Karen Harbert, CEO of the U.S. Chamber of Commerce’s Institute for 21st Century Energy, said that while the RES was flawed, the overall bill had promise. “This is not a perfect bill. It does not include oil and gas revenue sharing for states, and it contains a renewable electricity mandate that excludes some renewable resources like nuclear and doesn’t recognize significant regional differences across our country, but overall this legislation is a positive step.”

Sen. Lisa Murkowski of Alaska, the ranking Republican on the Senate energy panel, indicated that she will support the bill on the Senate floor as long as two proposals, which sponsor Sen. Maria Cantwell (D-WA) withdrew last Monday, stay out of the bill. One of the proposals would halt existing drilling in the Arctic until environmental impacts were determined, while the second would impose restrictions on discharges from drilling in Alaska, which Murkowski fears could include carbon emissions.

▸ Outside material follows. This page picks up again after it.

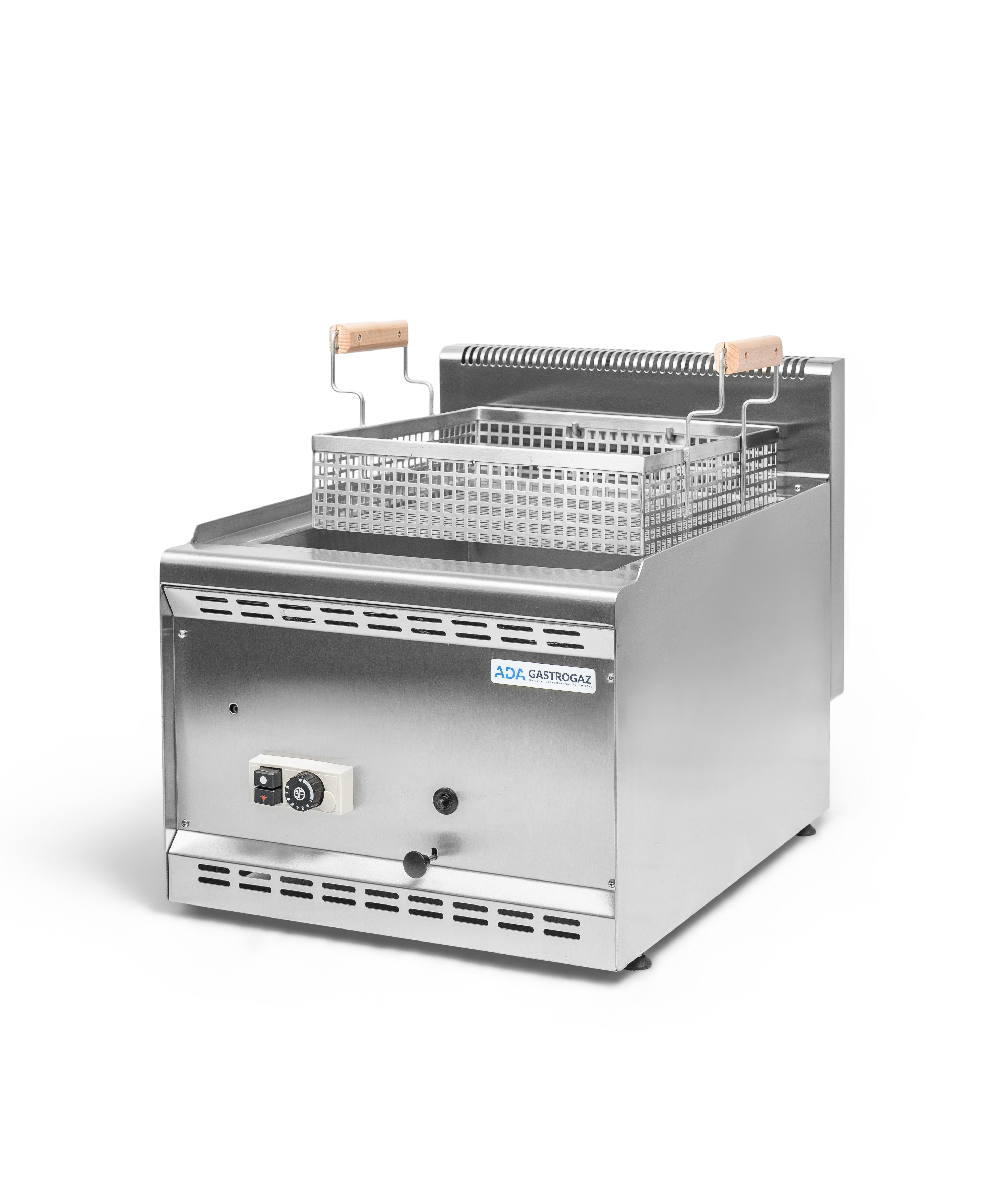 Smażalniki gazowe – frytownice ADA FG przeznaczone są głównie do smażenia ziemniaków, frytek, porcji kurczaka, mięsa i ryb, a także warzyw, pączków czy faworków. Frytownice ADA FG zbudowane są z wysokogatunkowej stali nierdzewnej kwasoodpornej gat. AISI 304. Nasze certyfikowane frytkownice charakteryzują się niezawodnością w eksploatacji, niewielkim zużyciem gazu przy generowaniu dużej mocy cieplnej oraz krótkim czasem smażenia, co w konsekwencji pozwala otrzymać soczysty i smaczny produkt.

“While I support this bill in its present form, we simply must do more to increase our domestic production and use of nuclear energy. I will continue to press for those provisions on the Senate floor,” Murkowski said. While Republicans were out-gunned in committee, she noted that they managed to pass some oil- and gas-friendly proposals, including one that would increase the federal loan guarantee for the developers of an Alaska pipeline to $30 billion from $18 billion.

The bill is not all good news for natural gas. It includes an amendment, offered by Sen. Debbie Stabenow (D-MI), that would repeal mandatory royalty relief for deepwater oil and natural gas leases, reversing the policy spelled out in the Energy Policy Act of 2005. It would give the Interior Department secretary the discretion to offer producers royalty relief, as opposed to it being mandatory in all cases.

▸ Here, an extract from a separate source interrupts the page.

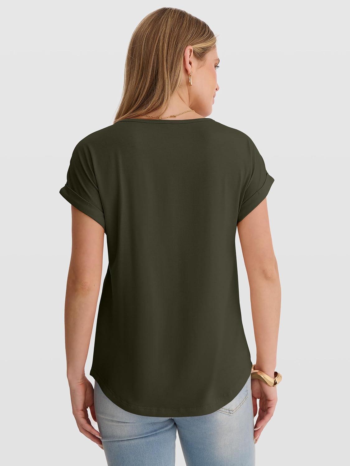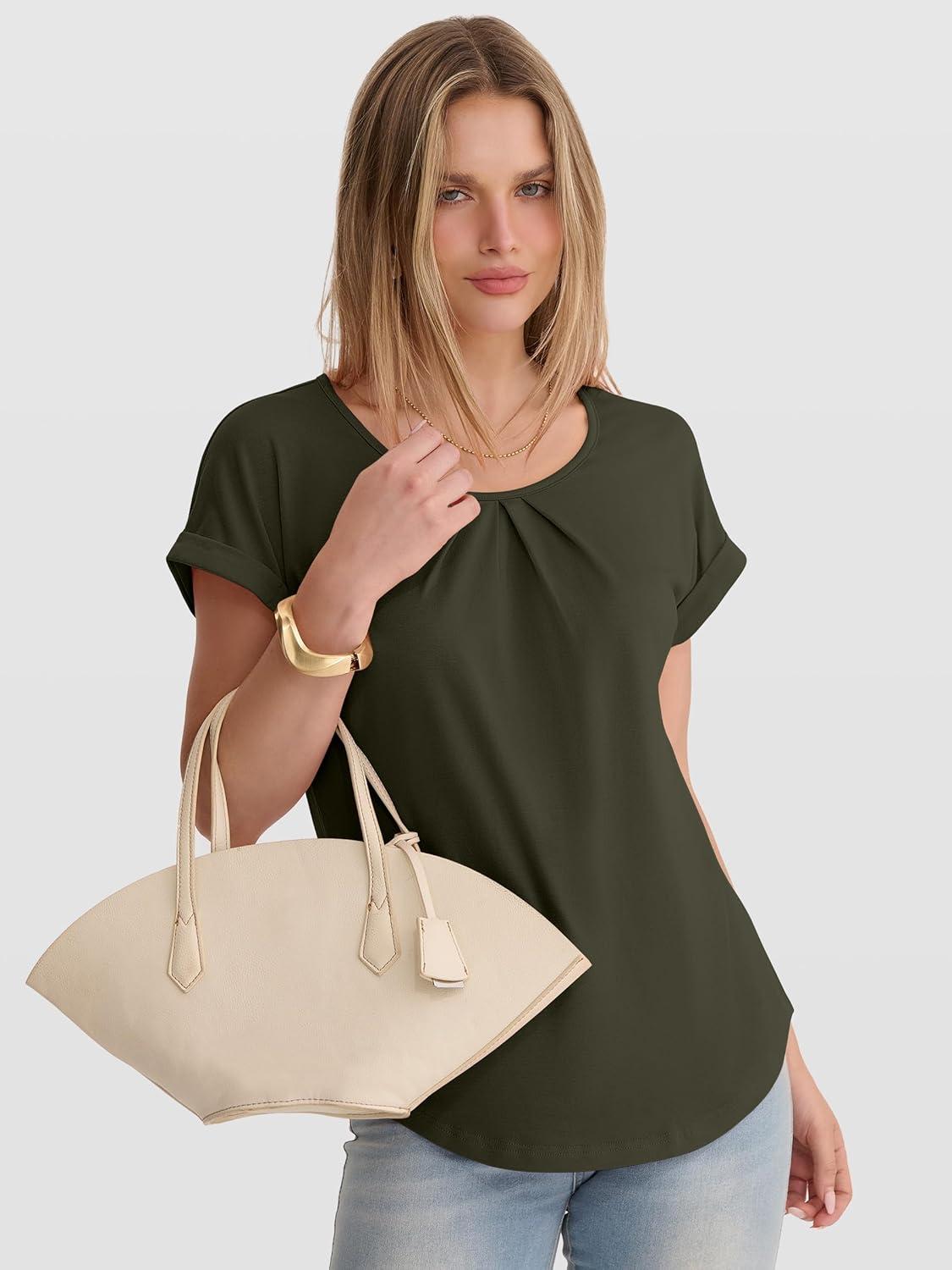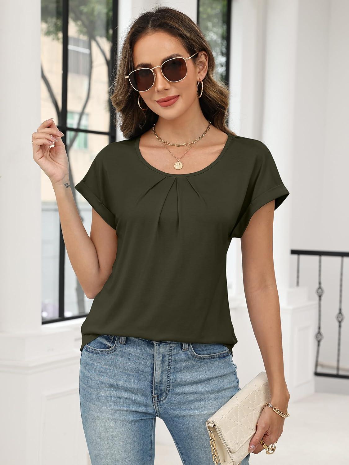ANRABESS Womens T Shirts Pleated Short Sleeve Tops Summer Business Casual Dressy Blouses 2026 Cute Fashion Clothes(Army Green)

Democrats have pushed to scale back or eliminate royalty relief for producers for years, while Republicans have countered that it is needed to encourage producers to venture into the deep waters of the GOM. The provision is a major setback for producers.

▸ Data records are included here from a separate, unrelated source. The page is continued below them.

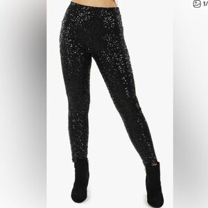 Tipsy Elves Trendy Sequin Glam Black Legging Pants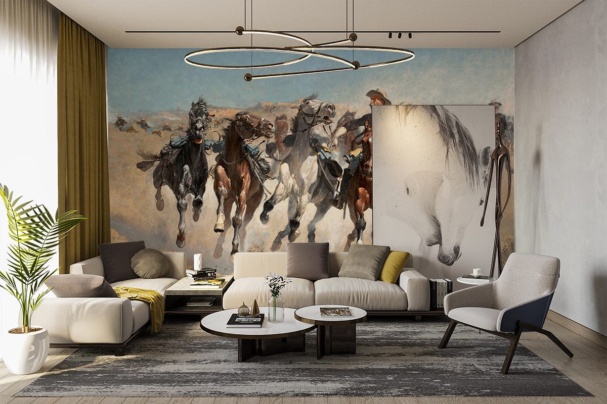 Le Fourth Troopers Moving the Led Horses a été conçu par Frederic Remington au 19ème siècle. Cette murale nous ramène aux temps turbulents de la guerre. Il montre l'élan des chevaux au galop et de la masculinité. Certains détails comme la poussière soufflée sont peints par des coups de pinceau. Cette illustration dessinée à la main présente une texture subtile et peut être adoptée dans le bureau d'un adulte ou la chambre d'un homme d'affaires.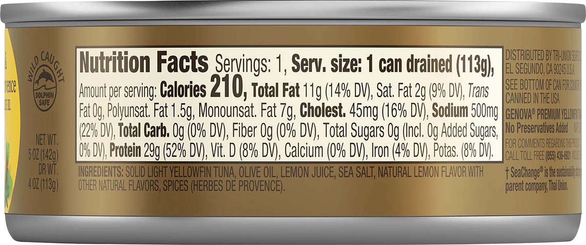 Solid Light Yellowfin Tuna, Olive Oil, Lemon Juice, Sea Salt, Natural Lemon Flavor with Other Natural Flavors, Spices (Herbes De Provence).

The bill also calls on the administrator of the Energy Information Administration to develop a plan to collect information on the ownership of all commercially held oil and natural gas inventories in the country (see NGI, April 6).

The committee voted down a Cantwell amendment that would make natural gas shippers eligible for retroactive refunds when they have been overcharged by pipelines. She indicated that she plans to reoffer the amendment on the Senate floor.

With respect to electricity issues, the measure would expand the backstop authority of the Federal Energy Regulatory Commission by giving the agency the jurisdiction to site high-voltage transmission (345-kV or more) facilities when a state fails to act within one year from the filing of an applications, imposes conditions that would “unreasonably interfere” with a project or denies an application.

The bill responds to an appellate court decision earlier this year, which rejected FERC’s interpretation that its backstop siting authority extended to cases where state regulators denied applications for electric transmission project applications.

To shield gas and electricity customers from harm, the legislation also would give the agency the authority to issue orders to natural gas and electricity companies to “cease and desist” from violations or threatened violations.